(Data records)
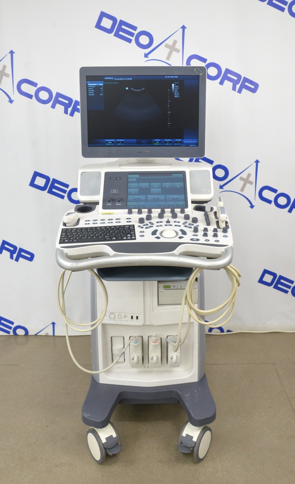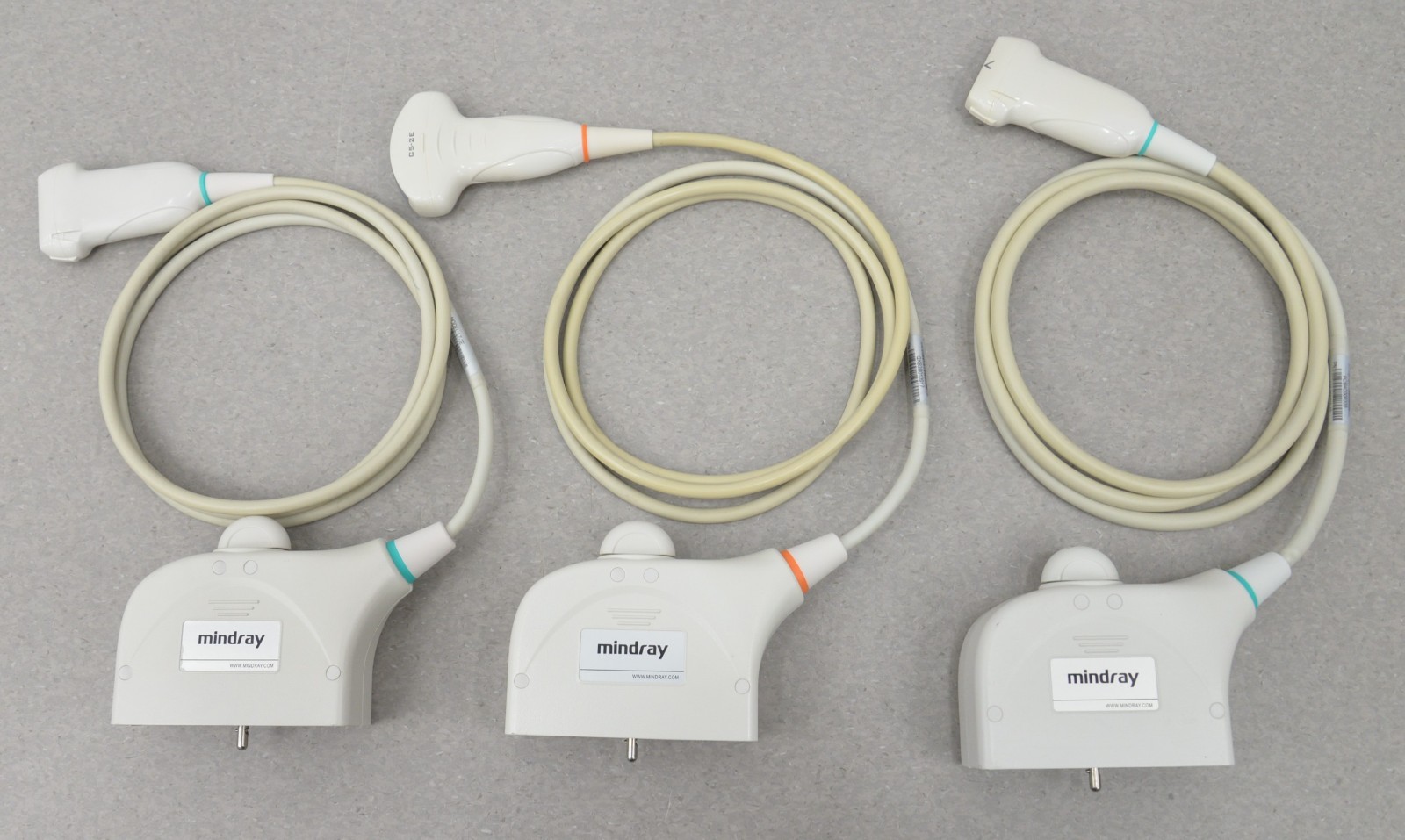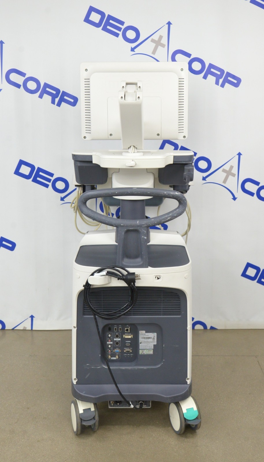 This Mindray DC-8 Diagnostic Ultrasound System 2013 W/ Mindray L14-6NE, L7-3E, & C5-2E Transducers is in great working condition. The unit powers on properly. Both display screens produce a clear image and respond to selection. The connections are clean and in good condition. The manual adjustments move properly. There are minor scuff marks and a few cracks in the plastic from previous use (see photos). The transducers appear to have drop out. This unit comes with a 30 day money back guarantee. Includes everything in the pictures and nothing else.
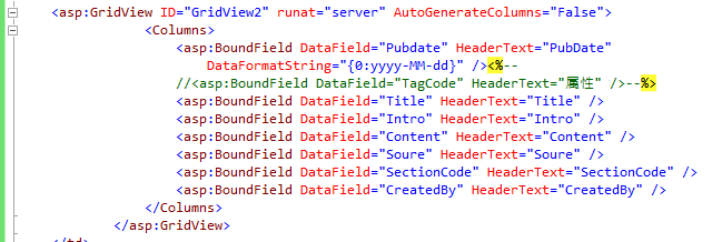 第一步:设置好你所需要的gridview所需要的Columns列,绑定好数据,我的第一列的数据因为数据库中保存的是“日月年时分秒”的格式,在输出的时候,我给它加了一个dataformatstring的值“{0:yyyy-MM-dd}”,年月日的格式,这样输出来的时间格式就是2016-08-07,看起来也美观一些
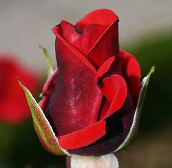 Роза Queen of Bermuda (Квин оф Бермуда). Чудесная роза настоящего алого цвета. Бутоны шириной в 3 см, а длиной в 5 см развиваются в крупные, до 13 см в поперечнике, цветки. Они скомпонованы из 35 лепестков киноварно-красного цвета, имеющих характерную черную тень на внешней стороне. Обладает приятным ароматом.
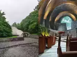 Gazing at the Stone Church standing in the quiet forest feels like witnessing a masterpiece of nature. The architecture seamlessly blends stone, light, water, greenery, and trees, with its distinctive overlapping stone-and-glass arches.
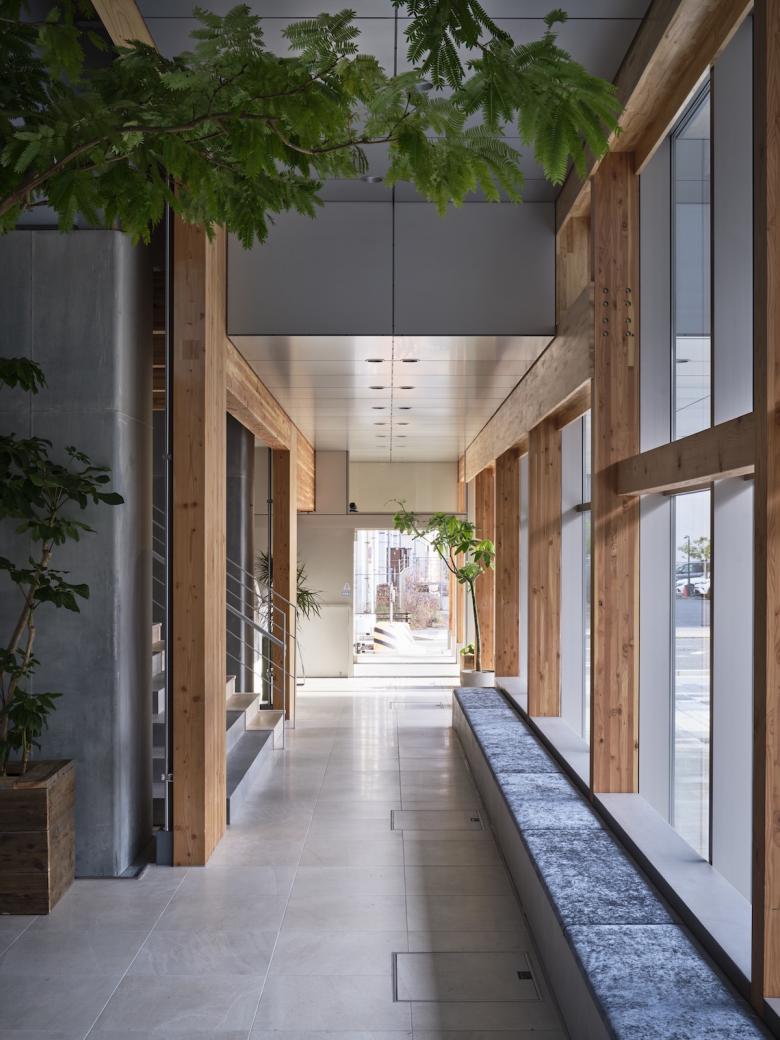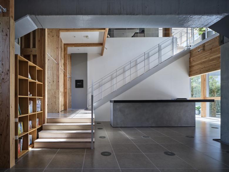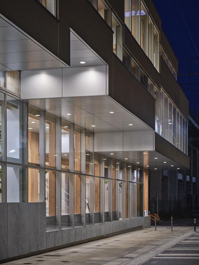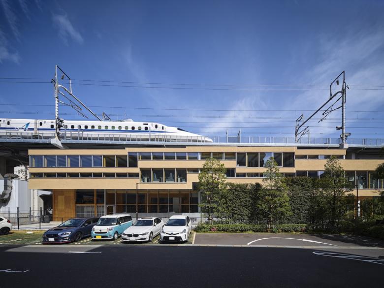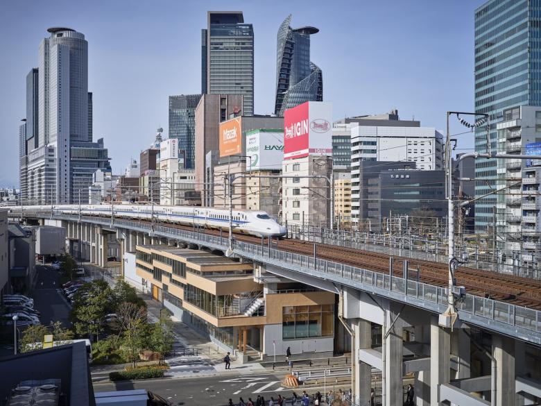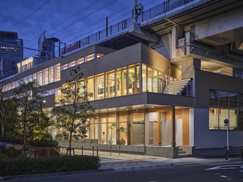 名古屋駅近傍エリアの新幹線高架橋下に建つオフィスです。高架橋下は、都市の中で広大な面積を占めながらも、柱・梁による空間的制約や構造的制約、振動・騒音などの諸課題があり、これらを乗り越えて、最大限に場所を活用することが求められました。
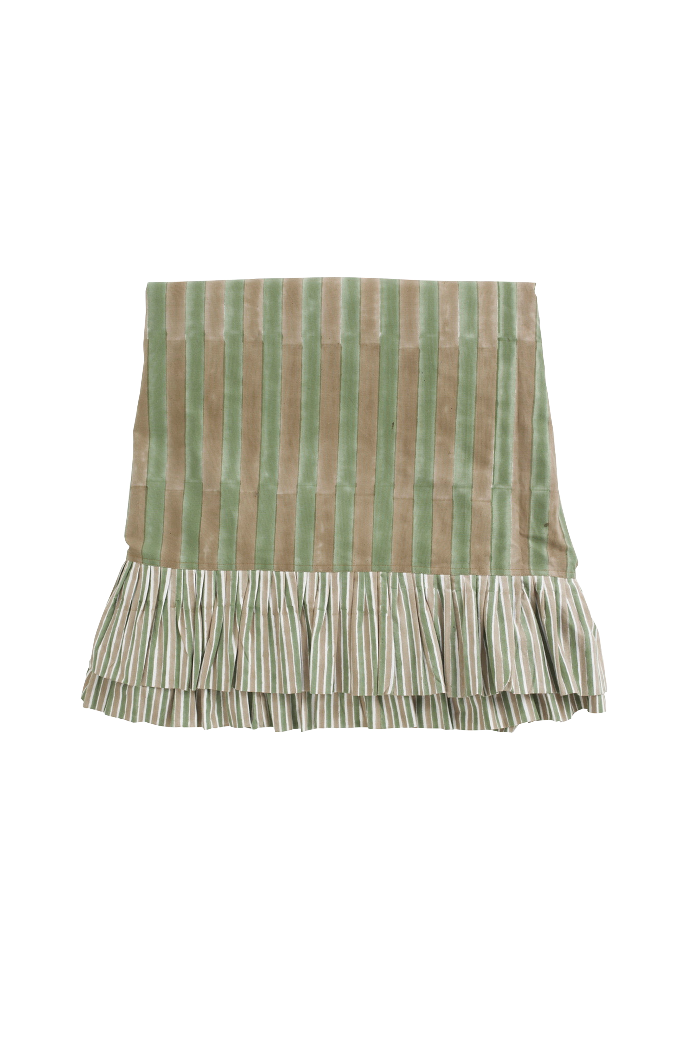 En opsigtsvækkende dug i bomuld af høj kvalitet med et bredt stripe mønster og en dekorativ dobbeltfoldet flæse langs kanten. Mønsteret er trykt i hånden ved hjælp af traditionelle indiske bloktrykteknikker. Et unikt håndværk, der giver hvert tekstil et unikt og dekorativt udtryk. Vaskes på et kort (maks. 1 time) og skånsomt program for uld/silke med mildt vaskemiddel.
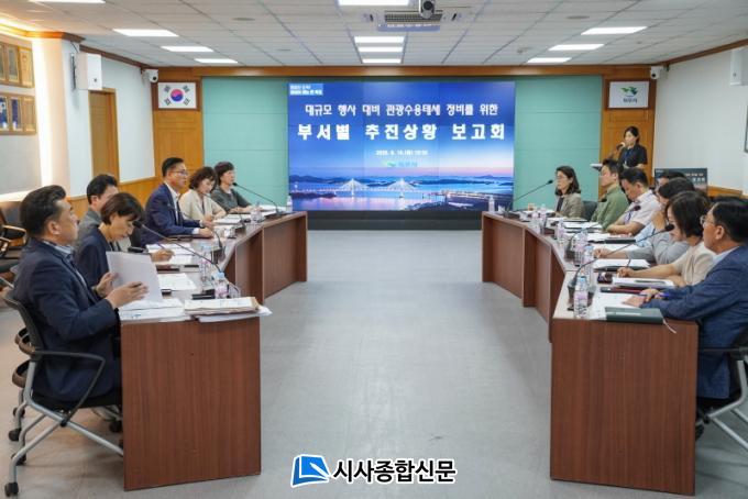 ½Ã´Â 19ÀÏ ½Ãû »óȲ½Ç¿¡¼ ¡®2025 ÇϹݱâ ÁÖ¿äÇà»ç ´ëºñ °ü±¤¼ö¿ëż¼ Á¤ºñ ºÎ¼º° ÃßÁø»óȲ º¸°íȸ¡¯¸¦ °³ÃÖÇϰí, Àü ºÎ¼°¡ Âü¿©ÇÏ´Â Á¾ÇÕ Á¡°Ë ü°è¸¦ º»°Ý °¡µ¿Çß´Ù. À̹ø ȸÀÇ´Â 9¿ù ¿¸®´Â ¸ñÆ÷Ç×±¸ÃàÁ¦¸¦ ½ÃÀÛÀ¸·Î, 10¿ù ³²µµ±¹Á¦¹Ì½Ä»ê¾÷¹Ú¶÷ȸ, ¸ñÆ÷¹®ÈÀ¯»ê¾ßÇà µî ÇϹݱ⠴ë±Ô¸ð °ü±¤Çà»ç¿¡ ´ëºñÇϱâ À§ÇØ ¸¶·ÃµÆ´Ù.
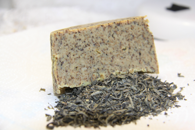 "Зеленый чай с мятой" Сварено на зеленом чае с мятой, с добавлением молотого зеленого чая и ЭМ мяты перечной. Состав 100% оливковое масло.
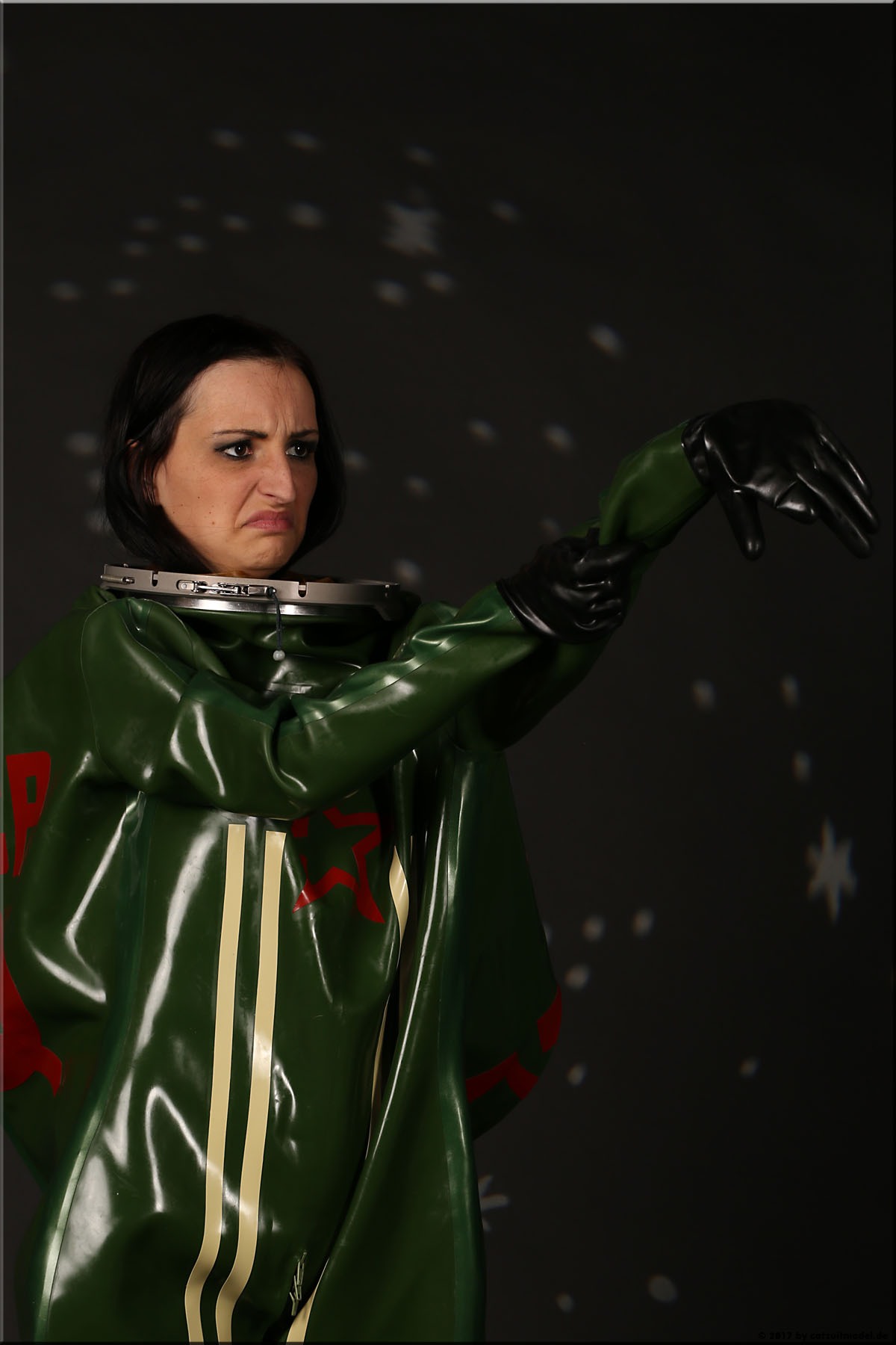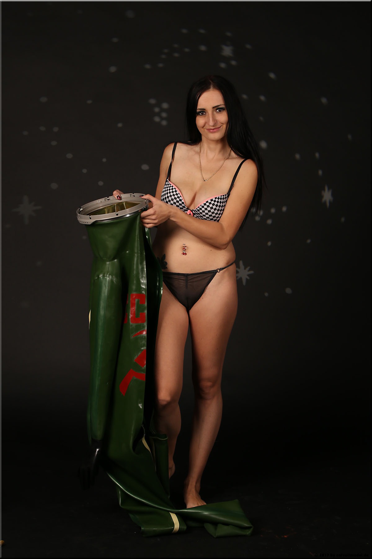 Mir kommt es auf den Bildern so vor, als wenn sich ein Model endlich mal so richtig wohl fühlt in dem Anzug. Die Bilder strahlen keinen Hauch von Unbehagen aus. Solte ihr der Anzug trotzdem nicht gefallen haben, so hat sie das sehr professionell überspielt.
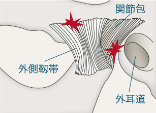 顎関節の周囲のある靭帯などが肉離れや捻挫を起こして痛む。硬い食べ物を避けるなどして大事にしていると、通常は自然に回復する。
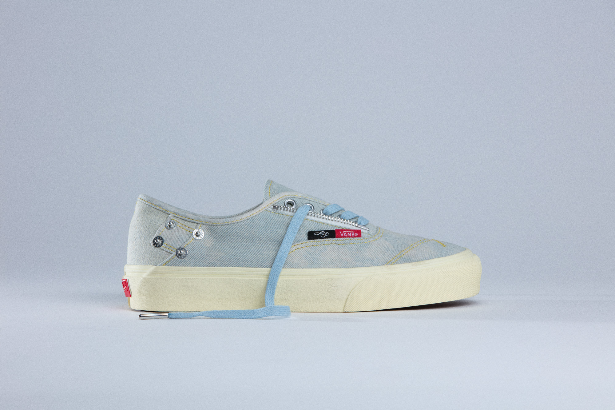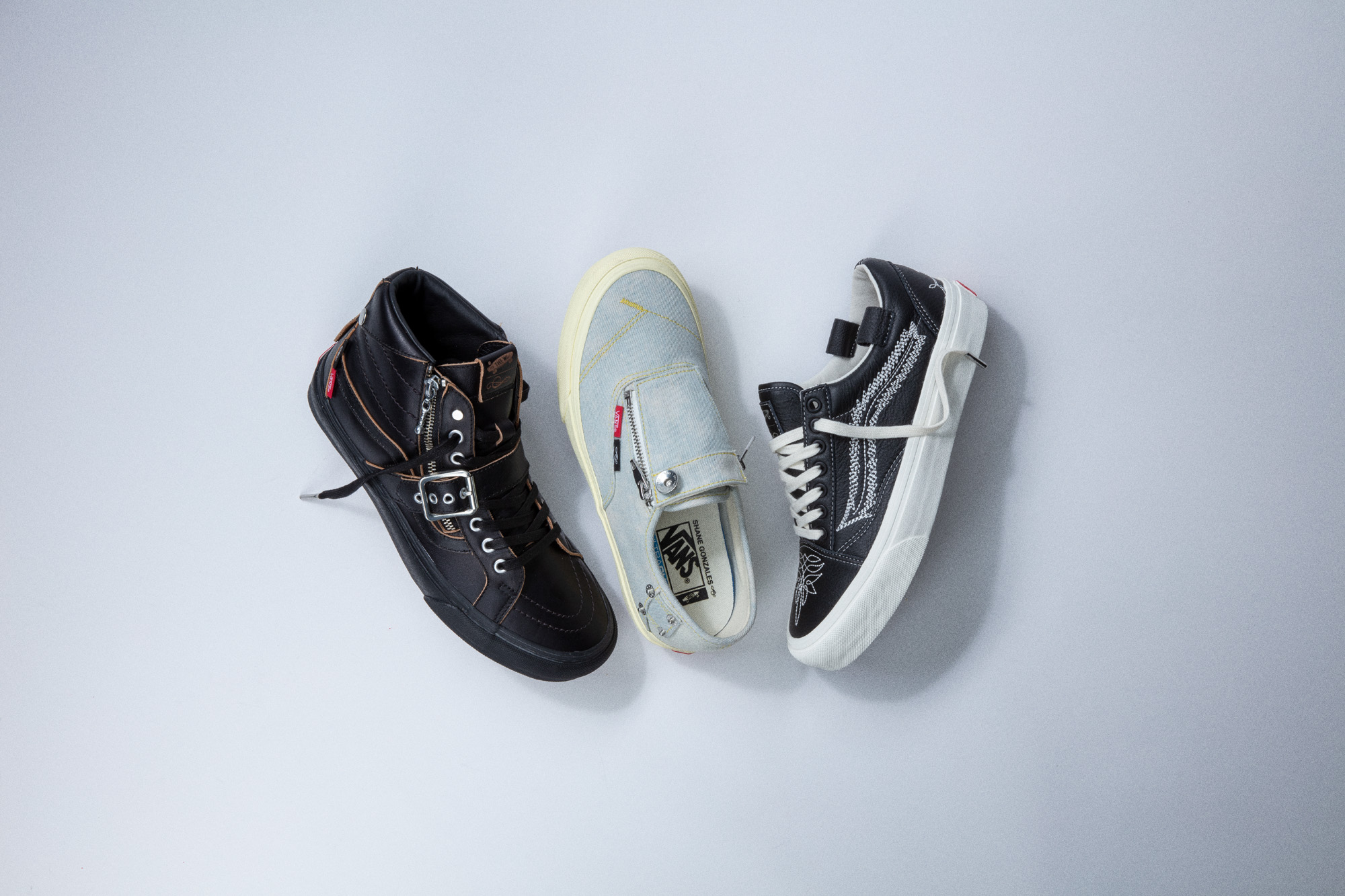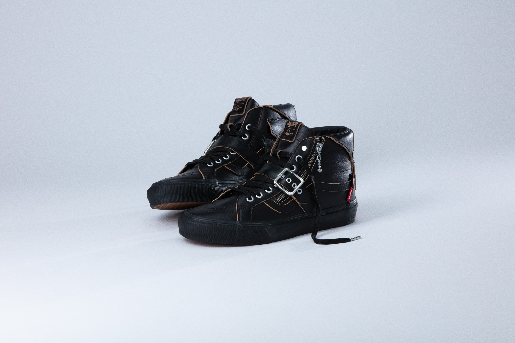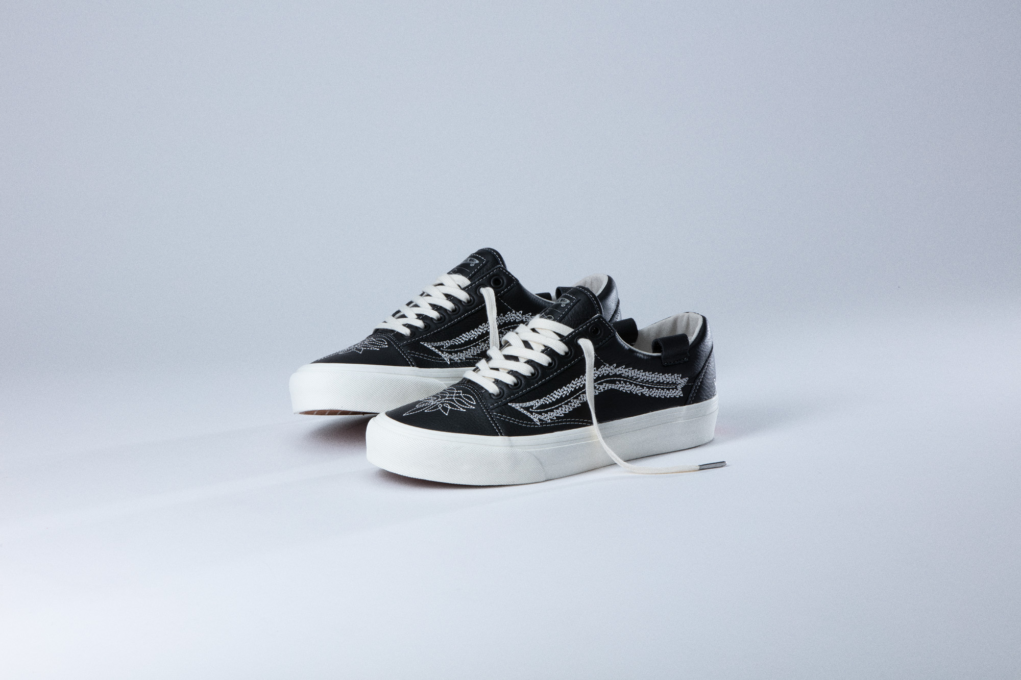 Black leather Old Skool VLT LX sneakers feature traditional Western cowboy embroidery creating a contrasting and multi-dimensional aesthetic that is both modern and nostalgic. The Authentic Zip VLT LX is reimagined in classic blue denim with hidden laces and chrome detailing, while the Sk8-Hi Reissue Strap VLT LX in black leather has several riders jacket details such as collars, epaulets, and buckles.

**ASSIGNMENT:**
Whatever pictures the entries contain, omit them, and write the rest out exactly.

**ANSWER BELOW:**
 This Mindray DC-8 Diagnostic Ultrasound System 2013 W/ Mindray L14-6NE, L7-3E, & C5-2E Transducers is in great working condition. The unit powers on properly. Both display screens produce a clear image and respond to selection. The connections are clean and in good condition. The manual adjustments move properly. There are minor scuff marks and a few cracks in the plastic from previous use (see photos). The transducers appear to have drop out. This unit comes with a 30 day money back guarantee. Includes everything in the pictures and nothing else.
 第一步:设置好你所需要的gridview所需要的Columns列,绑定好数据,我的第一列的数据因为数据库中保存的是“日月年时分秒”的格式,在输出的时候,我给它加了一个dataformatstring的值“{0:yyyy-MM-dd}”,年月日的格式,这样输出来的时间格式就是2016-08-07,看起来也美观一些
 Роза Queen of Bermuda (Квин оф Бермуда). Чудесная роза настоящего алого цвета. Бутоны шириной в 3 см, а длиной в 5 см развиваются в крупные, до 13 см в поперечнике, цветки. Они скомпонованы из 35 лепестков киноварно-красного цвета, имеющих характерную черную тень на внешней стороне. Обладает приятным ароматом.
 Gazing at the Stone Church standing in the quiet forest feels like witnessing a masterpiece of nature. The architecture seamlessly blends stone, light, water, greenery, and trees, with its distinctive overlapping stone-and-glass arches.
 名古屋駅近傍エリアの新幹線高架橋下に建つオフィスです。高架橋下は、都市の中で広大な面積を占めながらも、柱・梁による空間的制約や構造的制約、振動・騒音などの諸課題があり、これらを乗り越えて、最大限に場所を活用することが求められました。
 En opsigtsvækkende dug i bomuld af høj kvalitet med et bredt stripe mønster og en dekorativ dobbeltfoldet flæse langs kanten. Mønsteret er trykt i hånden ved hjælp af traditionelle indiske bloktrykteknikker. Et unikt håndværk, der giver hvert tekstil et unikt og dekorativt udtryk. Vaskes på et kort (maks. 1 time) og skånsomt program for uld/silke med mildt vaskemiddel.
 ½Ã´Â 19ÀÏ ½Ãû »óȲ½Ç¿¡¼ ¡®2025 ÇϹݱâ ÁÖ¿äÇà»ç ´ëºñ °ü±¤¼ö¿ëż¼ Á¤ºñ ºÎ¼º° ÃßÁø»óȲ º¸°íȸ¡¯¸¦ °³ÃÖÇϰí, Àü ºÎ¼°¡ Âü¿©ÇÏ´Â Á¾ÇÕ Á¡°Ë ü°è¸¦ º»°Ý °¡µ¿Çß´Ù. À̹ø ȸÀÇ´Â 9¿ù ¿¸®´Â ¸ñÆ÷Ç×±¸ÃàÁ¦¸¦ ½ÃÀÛÀ¸·Î, 10¿ù ³²µµ±¹Á¦¹Ì½Ä»ê¾÷¹Ú¶÷ȸ, ¸ñÆ÷¹®ÈÀ¯»ê¾ßÇà µî ÇϹݱ⠴ë±Ô¸ð °ü±¤Çà»ç¿¡ ´ëºñÇϱâ À§ÇØ ¸¶·ÃµÆ´Ù.
 "Зеленый чай с мятой" Сварено на зеленом чае с мятой, с добавлением молотого зеленого чая и ЭМ мяты перечной. Состав 100% оливковое масло.
 Mir kommt es auf den Bildern so vor, als wenn sich ein Model endlich mal so richtig wohl fühlt in dem Anzug. Die Bilder strahlen keinen Hauch von Unbehagen aus. Solte ihr der Anzug trotzdem nicht gefallen haben, so hat sie das sehr professionell überspielt.
 顎関節の周囲のある靭帯などが肉離れや捻挫を起こして痛む。硬い食べ物を避けるなどして大事にしていると、通常は自然に回復する。
 Black leather Old Skool VLT LX sneakers feature traditional Western cowboy embroidery creating a contrasting and multi-dimensional aesthetic that is both modern and nostalgic. The Authentic Zip VLT LX is reimagined in classic blue denim with hidden laces and chrome detailing, while the Sk8-Hi Reissue Strap VLT LX in black leather has several riders jacket details such as collars, epaulets, and buckles.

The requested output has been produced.